- [WHAT IS NEEDED]: How do the lines read from the one holding "再据中国青年报客户端北京20" through the last line of the listing? Set them down exactly, pictures omitted.

- [DATASET EXTRACT]:
○ ○ ○ ○

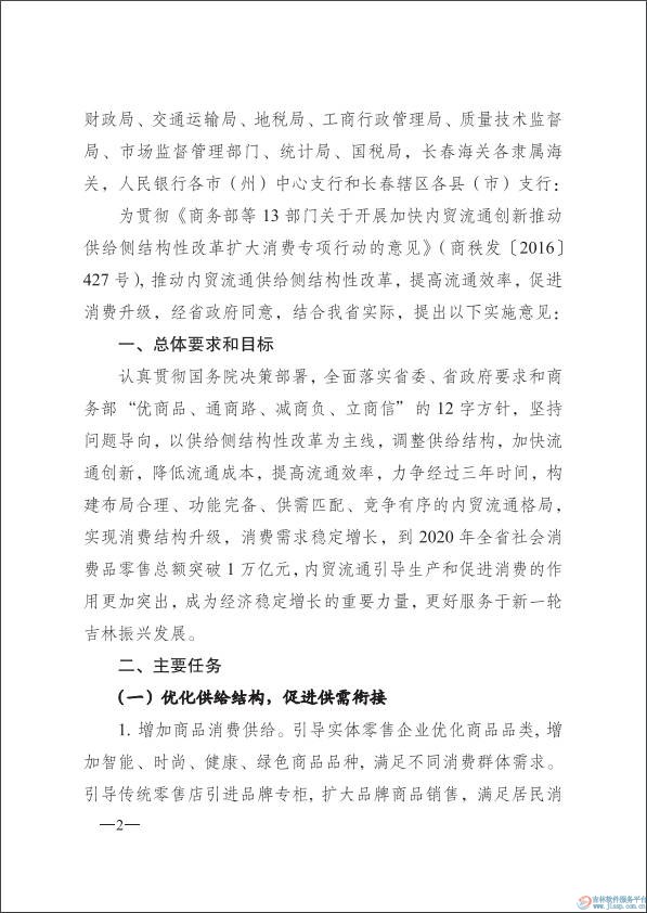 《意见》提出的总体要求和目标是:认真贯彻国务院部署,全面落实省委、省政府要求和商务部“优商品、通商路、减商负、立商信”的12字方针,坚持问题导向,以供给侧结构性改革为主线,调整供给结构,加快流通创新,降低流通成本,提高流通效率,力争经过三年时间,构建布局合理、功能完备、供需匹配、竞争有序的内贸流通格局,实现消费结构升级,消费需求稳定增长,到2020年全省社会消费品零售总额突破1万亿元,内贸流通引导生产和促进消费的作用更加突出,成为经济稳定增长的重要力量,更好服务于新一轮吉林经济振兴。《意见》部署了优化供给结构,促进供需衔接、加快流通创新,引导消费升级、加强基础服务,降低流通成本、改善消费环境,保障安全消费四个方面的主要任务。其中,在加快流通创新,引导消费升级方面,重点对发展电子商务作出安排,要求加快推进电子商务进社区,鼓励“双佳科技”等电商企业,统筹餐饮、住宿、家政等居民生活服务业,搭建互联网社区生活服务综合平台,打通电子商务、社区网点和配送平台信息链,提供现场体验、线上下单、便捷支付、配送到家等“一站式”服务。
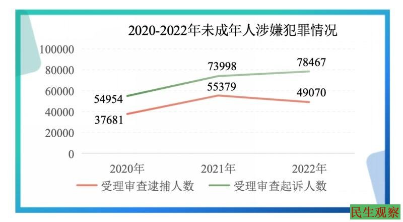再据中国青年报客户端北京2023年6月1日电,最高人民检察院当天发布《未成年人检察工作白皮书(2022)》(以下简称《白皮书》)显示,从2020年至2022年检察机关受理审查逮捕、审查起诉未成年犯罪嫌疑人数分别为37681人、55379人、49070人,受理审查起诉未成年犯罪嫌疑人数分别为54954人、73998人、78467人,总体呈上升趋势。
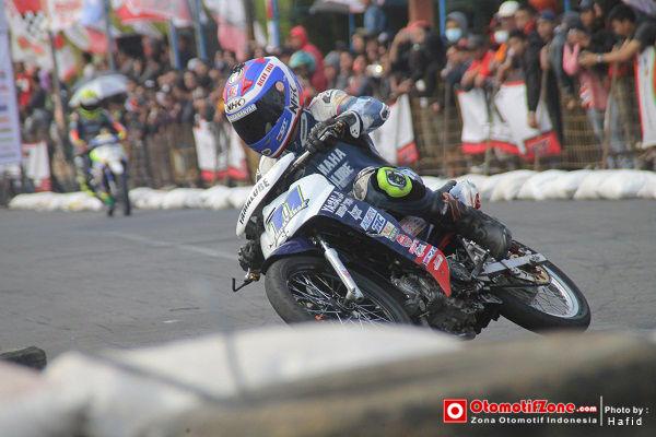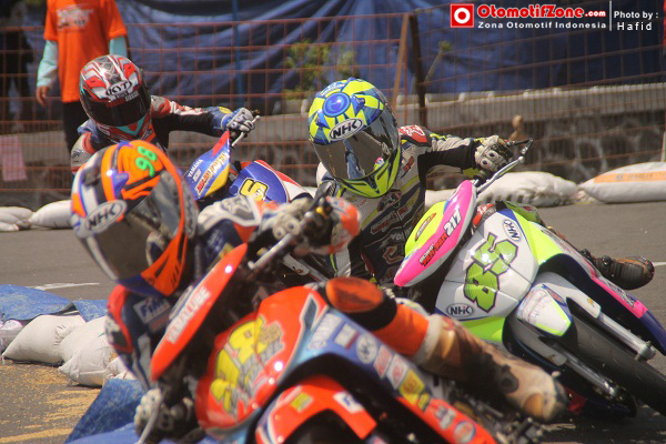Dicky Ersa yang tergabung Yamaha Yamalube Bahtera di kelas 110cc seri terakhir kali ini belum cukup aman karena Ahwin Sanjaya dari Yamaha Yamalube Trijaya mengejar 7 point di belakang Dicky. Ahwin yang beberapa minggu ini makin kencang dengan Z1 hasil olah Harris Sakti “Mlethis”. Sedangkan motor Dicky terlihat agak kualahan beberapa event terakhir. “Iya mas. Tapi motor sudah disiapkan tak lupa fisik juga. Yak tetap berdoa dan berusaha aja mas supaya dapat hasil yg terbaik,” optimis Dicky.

○ ○ ○ ○

- [SOLUTION TO THIS EXERCISE]:
再据中国青年报客户端北京2023年6月1日电,最高人民检察院当天发布《未成年人检察工作白皮书(2022)》(以下简称《白皮书》)显示,从2020年至2022年检察机关受理审查逮捕、审查起诉未成年犯罪嫌疑人数分别为37681人、55379人、49070人,受理审查起诉未成年犯罪嫌疑人数分别为54954人、73998人、78467人,总体呈上升趋势。
Dicky Ersa yang tergabung Yamaha Yamalube Bahtera di kelas 110cc seri terakhir kali ini belum cukup aman karena Ahwin Sanjaya dari Yamaha Yamalube Trijaya mengejar 7 point di belakang Dicky. Ahwin yang beberapa minggu ini makin kencang dengan Z1 hasil olah Harris Sakti “Mlethis”. Sedangkan motor Dicky terlihat agak kualahan beberapa event terakhir. “Iya mas. Tapi motor sudah disiapkan tak lupa fisik juga. Yak tetap berdoa dan berusaha aja mas supaya dapat hasil yg terbaik,” optimis Dicky.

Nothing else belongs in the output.